Task item>
Return, word for word, only the lines of the data below that lie between the line with "Багатоповерхівки, колись населені" and the line with "Wall mural background", those two lines included.

Record excerpts>

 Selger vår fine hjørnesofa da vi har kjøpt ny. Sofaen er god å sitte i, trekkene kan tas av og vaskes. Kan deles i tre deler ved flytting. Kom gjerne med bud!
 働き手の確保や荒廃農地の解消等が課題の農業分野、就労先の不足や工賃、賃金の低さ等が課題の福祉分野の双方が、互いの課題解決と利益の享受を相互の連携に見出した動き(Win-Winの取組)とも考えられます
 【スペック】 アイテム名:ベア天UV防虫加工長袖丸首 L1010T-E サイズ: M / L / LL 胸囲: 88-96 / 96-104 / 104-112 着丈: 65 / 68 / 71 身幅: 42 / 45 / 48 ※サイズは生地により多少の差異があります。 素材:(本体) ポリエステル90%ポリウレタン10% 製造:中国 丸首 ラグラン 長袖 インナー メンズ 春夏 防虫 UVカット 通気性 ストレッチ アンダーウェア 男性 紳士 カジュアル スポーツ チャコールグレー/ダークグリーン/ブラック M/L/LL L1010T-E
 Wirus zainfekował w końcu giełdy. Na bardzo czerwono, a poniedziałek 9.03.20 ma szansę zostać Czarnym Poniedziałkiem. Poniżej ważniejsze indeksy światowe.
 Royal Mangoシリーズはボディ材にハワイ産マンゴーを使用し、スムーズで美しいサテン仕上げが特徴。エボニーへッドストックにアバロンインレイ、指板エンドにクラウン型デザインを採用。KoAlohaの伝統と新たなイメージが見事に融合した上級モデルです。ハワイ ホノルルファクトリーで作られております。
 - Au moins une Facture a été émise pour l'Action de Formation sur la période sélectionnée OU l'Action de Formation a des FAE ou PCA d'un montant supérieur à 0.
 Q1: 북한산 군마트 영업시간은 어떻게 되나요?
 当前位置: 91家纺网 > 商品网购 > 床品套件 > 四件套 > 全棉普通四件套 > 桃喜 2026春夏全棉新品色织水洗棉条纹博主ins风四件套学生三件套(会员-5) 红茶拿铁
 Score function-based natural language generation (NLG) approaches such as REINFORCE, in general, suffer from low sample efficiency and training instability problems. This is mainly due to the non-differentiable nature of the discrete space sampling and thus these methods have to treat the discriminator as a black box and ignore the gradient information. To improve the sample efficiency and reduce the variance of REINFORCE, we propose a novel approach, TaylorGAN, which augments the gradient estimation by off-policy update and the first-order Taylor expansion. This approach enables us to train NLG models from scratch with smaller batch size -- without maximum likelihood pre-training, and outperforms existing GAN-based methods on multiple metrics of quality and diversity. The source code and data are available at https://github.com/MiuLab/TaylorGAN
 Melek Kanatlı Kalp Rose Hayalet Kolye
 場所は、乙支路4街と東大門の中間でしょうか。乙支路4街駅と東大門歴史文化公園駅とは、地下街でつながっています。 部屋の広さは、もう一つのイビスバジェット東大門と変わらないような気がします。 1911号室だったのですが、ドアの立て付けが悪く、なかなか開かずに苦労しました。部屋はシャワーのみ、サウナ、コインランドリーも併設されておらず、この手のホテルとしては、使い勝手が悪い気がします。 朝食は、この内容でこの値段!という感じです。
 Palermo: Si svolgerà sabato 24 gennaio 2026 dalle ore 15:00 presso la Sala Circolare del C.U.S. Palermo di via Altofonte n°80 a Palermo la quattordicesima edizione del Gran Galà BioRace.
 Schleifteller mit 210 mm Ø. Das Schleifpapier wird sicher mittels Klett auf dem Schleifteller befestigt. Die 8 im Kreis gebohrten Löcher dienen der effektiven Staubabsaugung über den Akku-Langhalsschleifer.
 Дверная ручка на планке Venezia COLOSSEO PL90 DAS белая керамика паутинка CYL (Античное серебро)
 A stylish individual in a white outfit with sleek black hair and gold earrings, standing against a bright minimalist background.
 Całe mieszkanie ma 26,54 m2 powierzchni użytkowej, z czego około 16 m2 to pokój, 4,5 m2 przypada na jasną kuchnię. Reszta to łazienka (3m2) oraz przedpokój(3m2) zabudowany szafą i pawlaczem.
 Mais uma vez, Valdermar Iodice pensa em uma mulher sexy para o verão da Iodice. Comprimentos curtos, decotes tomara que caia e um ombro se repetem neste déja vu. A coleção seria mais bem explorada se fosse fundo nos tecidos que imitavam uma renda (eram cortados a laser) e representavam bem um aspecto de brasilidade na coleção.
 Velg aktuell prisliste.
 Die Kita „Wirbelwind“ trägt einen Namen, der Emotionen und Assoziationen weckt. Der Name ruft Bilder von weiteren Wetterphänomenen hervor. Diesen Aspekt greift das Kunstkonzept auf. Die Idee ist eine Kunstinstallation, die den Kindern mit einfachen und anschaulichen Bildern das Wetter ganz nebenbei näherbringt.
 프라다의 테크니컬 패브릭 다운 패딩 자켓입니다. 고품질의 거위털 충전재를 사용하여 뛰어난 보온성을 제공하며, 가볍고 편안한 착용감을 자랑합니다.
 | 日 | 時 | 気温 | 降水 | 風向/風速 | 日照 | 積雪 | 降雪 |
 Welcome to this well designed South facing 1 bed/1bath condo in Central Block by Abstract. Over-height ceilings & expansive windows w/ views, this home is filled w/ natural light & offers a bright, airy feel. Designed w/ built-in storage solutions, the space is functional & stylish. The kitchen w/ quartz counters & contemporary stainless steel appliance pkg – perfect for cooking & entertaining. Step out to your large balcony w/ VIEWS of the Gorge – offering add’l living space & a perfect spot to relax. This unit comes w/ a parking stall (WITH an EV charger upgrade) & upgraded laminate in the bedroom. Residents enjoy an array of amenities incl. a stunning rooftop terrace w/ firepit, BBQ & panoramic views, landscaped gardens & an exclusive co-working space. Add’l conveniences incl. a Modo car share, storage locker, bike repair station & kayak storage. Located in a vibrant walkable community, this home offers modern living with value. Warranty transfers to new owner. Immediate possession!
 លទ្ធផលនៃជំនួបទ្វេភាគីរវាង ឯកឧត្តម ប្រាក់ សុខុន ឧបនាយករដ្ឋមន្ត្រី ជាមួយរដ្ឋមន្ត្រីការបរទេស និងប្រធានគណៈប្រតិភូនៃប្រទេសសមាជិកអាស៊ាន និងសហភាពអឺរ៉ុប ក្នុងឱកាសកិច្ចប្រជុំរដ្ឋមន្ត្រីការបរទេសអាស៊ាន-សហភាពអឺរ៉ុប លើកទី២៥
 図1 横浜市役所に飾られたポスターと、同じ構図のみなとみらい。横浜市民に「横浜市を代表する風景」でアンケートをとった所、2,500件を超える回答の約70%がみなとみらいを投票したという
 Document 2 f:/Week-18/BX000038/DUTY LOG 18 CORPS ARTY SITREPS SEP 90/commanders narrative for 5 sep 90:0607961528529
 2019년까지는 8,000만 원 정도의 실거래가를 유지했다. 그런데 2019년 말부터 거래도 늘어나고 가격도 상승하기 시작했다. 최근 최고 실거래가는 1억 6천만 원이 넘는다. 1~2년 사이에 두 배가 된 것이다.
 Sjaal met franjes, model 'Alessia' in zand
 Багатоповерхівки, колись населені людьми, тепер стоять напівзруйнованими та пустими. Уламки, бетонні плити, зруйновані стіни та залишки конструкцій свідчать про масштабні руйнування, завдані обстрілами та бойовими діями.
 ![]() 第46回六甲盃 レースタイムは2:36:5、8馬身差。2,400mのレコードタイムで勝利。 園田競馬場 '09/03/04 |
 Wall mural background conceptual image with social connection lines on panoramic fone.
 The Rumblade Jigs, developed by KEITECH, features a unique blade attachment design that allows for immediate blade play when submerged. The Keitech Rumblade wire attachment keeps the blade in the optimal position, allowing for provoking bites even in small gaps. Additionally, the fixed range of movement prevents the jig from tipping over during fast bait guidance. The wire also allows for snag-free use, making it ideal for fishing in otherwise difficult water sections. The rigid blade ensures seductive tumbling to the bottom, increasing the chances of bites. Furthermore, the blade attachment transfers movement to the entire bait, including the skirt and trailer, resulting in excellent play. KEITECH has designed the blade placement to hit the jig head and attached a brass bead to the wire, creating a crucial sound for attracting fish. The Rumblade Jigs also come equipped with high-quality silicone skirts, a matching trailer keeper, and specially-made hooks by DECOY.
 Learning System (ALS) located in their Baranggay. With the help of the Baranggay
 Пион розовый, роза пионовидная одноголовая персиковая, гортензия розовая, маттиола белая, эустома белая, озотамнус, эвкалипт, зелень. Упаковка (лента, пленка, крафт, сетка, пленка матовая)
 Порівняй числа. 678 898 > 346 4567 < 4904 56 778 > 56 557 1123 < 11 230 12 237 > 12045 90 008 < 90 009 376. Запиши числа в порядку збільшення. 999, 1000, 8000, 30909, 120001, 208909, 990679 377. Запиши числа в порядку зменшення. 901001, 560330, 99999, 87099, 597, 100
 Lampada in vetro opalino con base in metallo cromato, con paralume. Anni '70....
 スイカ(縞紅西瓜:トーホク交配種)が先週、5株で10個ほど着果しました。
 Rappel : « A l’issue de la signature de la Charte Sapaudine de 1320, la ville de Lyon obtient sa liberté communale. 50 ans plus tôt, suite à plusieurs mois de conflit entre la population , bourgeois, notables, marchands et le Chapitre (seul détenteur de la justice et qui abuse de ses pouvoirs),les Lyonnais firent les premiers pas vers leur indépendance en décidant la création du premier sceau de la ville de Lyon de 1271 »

Solution for this task>
 Багатоповерхівки, колись населені людьми, тепер стоять напівзруйнованими та пустими. Уламки, бетонні плити, зруйновані стіни та залишки конструкцій свідчать про масштабні руйнування, завдані обстрілами та бойовими діями.
 ![]() 第46回六甲盃 レースタイムは2:36:5、8馬身差。2,400mのレコードタイムで勝利。 園田競馬場 '09/03/04 |
 Wall mural background conceptual image with social connection lines on panoramic fone.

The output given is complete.